— INSTRUCTIONS FOR THE TASK —
Your output should be the exact lines from the start of the data through the line containing "Schloss Hartheim (?) (Oberösterreich)", with no pictures.

━━━━━━━━━━━━━━━━━━━━

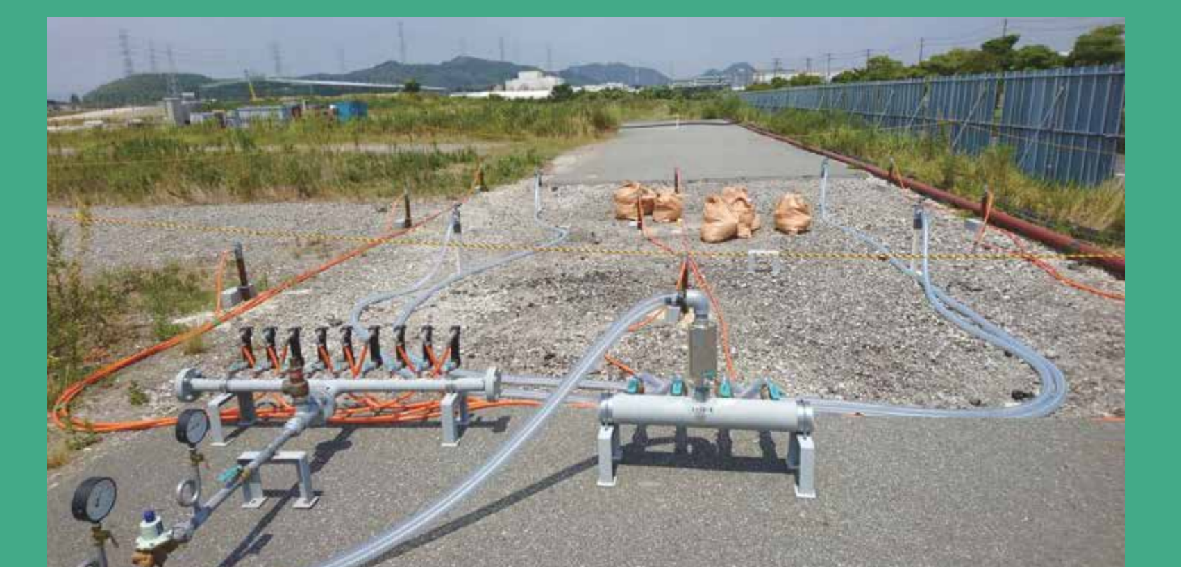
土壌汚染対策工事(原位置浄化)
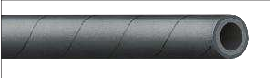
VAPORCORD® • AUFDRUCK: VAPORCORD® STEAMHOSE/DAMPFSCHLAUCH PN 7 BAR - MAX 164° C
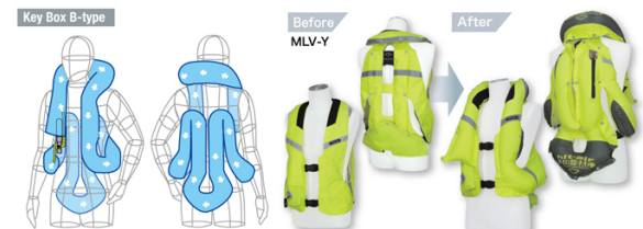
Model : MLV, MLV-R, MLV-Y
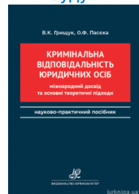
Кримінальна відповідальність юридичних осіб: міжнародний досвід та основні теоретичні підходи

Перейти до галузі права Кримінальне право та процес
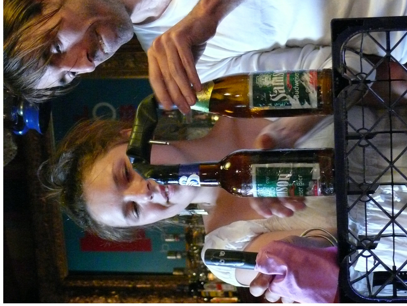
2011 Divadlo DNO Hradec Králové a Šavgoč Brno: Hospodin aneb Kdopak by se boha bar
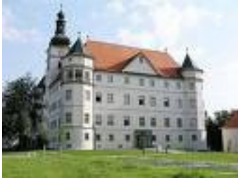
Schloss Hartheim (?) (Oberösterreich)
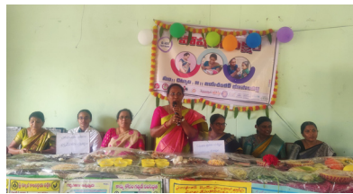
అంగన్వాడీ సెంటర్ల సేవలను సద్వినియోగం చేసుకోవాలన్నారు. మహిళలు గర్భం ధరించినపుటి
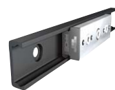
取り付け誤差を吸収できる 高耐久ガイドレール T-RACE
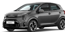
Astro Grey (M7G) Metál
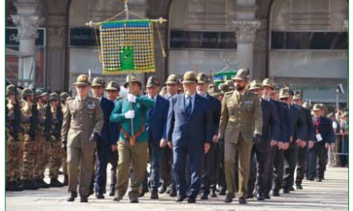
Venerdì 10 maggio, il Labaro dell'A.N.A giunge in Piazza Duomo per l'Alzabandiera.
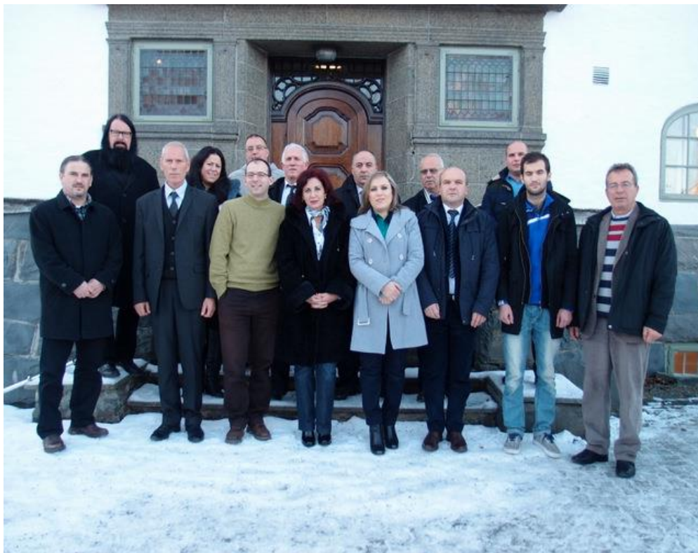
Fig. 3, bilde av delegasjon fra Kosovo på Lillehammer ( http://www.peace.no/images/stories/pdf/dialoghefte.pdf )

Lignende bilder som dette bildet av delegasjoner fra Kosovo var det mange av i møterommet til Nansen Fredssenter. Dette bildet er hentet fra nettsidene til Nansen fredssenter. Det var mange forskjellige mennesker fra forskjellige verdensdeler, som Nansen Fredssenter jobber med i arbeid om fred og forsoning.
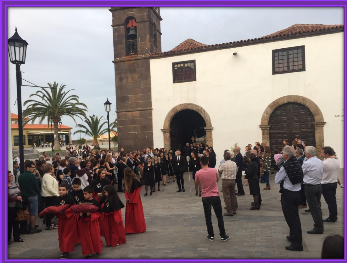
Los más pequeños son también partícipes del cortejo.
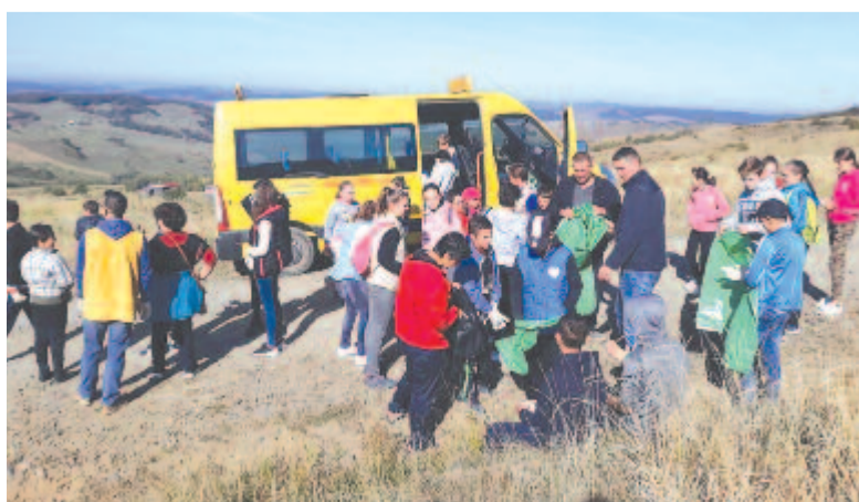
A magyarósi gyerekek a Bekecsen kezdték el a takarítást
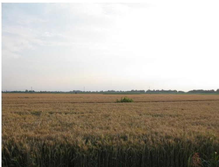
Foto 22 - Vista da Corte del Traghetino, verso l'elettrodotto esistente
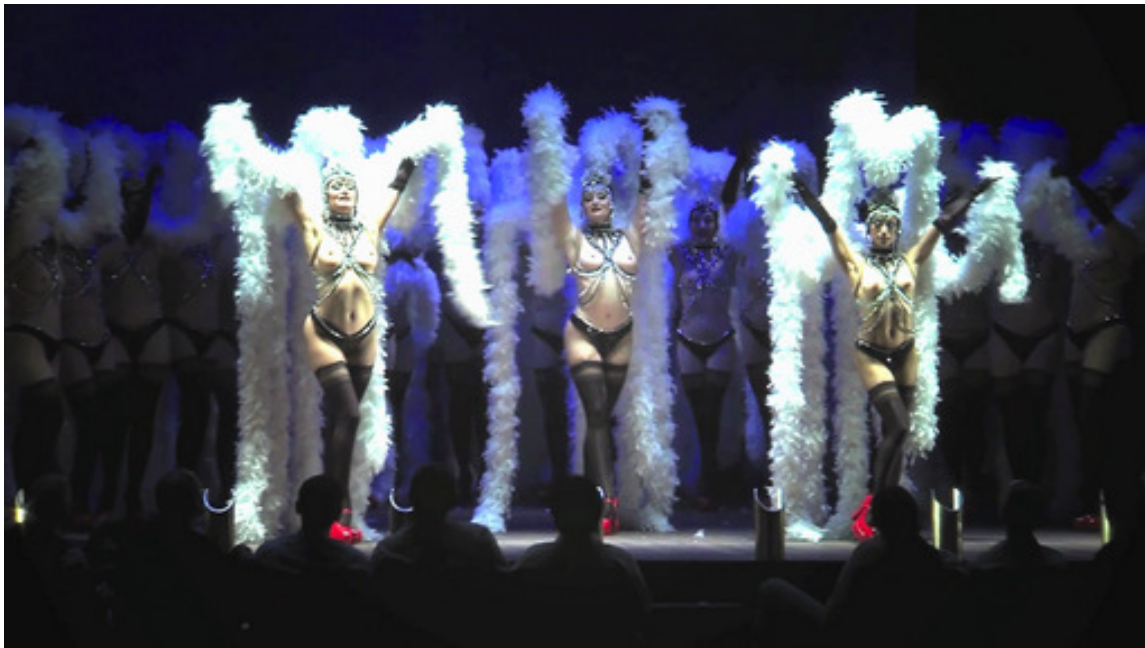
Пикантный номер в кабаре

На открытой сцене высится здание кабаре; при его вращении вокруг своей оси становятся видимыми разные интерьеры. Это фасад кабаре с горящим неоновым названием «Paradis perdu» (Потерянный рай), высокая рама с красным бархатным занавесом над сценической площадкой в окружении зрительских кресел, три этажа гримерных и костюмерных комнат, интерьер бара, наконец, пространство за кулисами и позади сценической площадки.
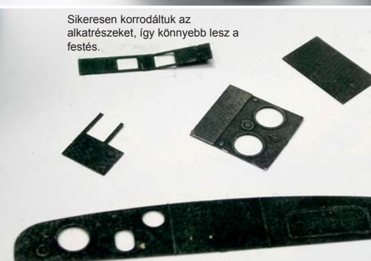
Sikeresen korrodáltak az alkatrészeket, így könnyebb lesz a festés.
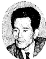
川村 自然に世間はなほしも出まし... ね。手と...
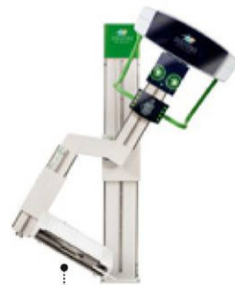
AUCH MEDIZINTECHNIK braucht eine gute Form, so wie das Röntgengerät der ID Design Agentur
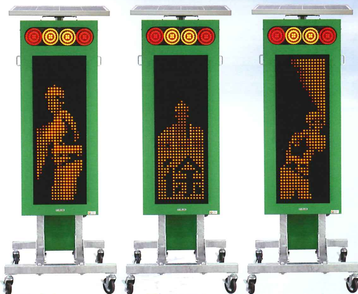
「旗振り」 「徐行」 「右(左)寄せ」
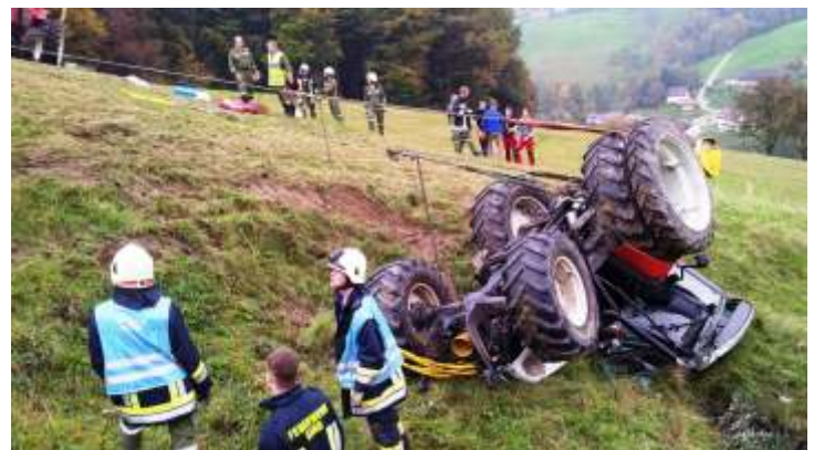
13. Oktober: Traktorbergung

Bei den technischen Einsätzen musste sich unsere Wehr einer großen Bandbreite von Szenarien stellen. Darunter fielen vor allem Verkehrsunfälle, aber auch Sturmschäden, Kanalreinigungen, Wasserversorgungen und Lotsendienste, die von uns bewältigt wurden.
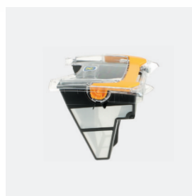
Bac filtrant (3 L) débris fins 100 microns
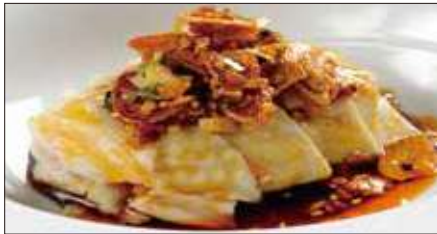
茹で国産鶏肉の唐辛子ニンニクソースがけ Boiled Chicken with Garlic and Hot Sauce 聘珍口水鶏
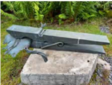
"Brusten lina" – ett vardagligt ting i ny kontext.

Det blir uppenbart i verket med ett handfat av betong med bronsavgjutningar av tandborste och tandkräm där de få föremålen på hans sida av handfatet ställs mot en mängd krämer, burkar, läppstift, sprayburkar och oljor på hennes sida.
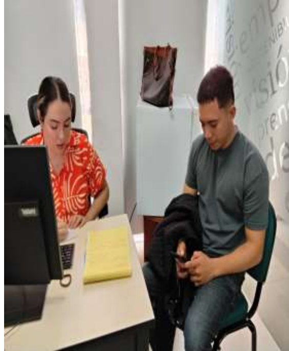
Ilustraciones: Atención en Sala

━━━━━━━━━━━━━━━━━━━━

— WORKED SOLUTION —
土壌汚染対策工事(原位置浄化)
VAPORCORD® • AUFDRUCK: VAPORCORD® STEAMHOSE/DAMPFSCHLAUCH PN 7 BAR - MAX 164° C
Model : MLV, MLV-R, MLV-Y
Кримінальна відповідальність юридичних осіб: міжнародний досвід та основні теоретичні підходи

Перейти до галузі права Кримінальне право та процес
2011 Divadlo DNO Hradec Králové a Šavgoč Brno: Hospodin aneb Kdopak by se boha bar
Schloss Hartheim (?) (Oberösterreich)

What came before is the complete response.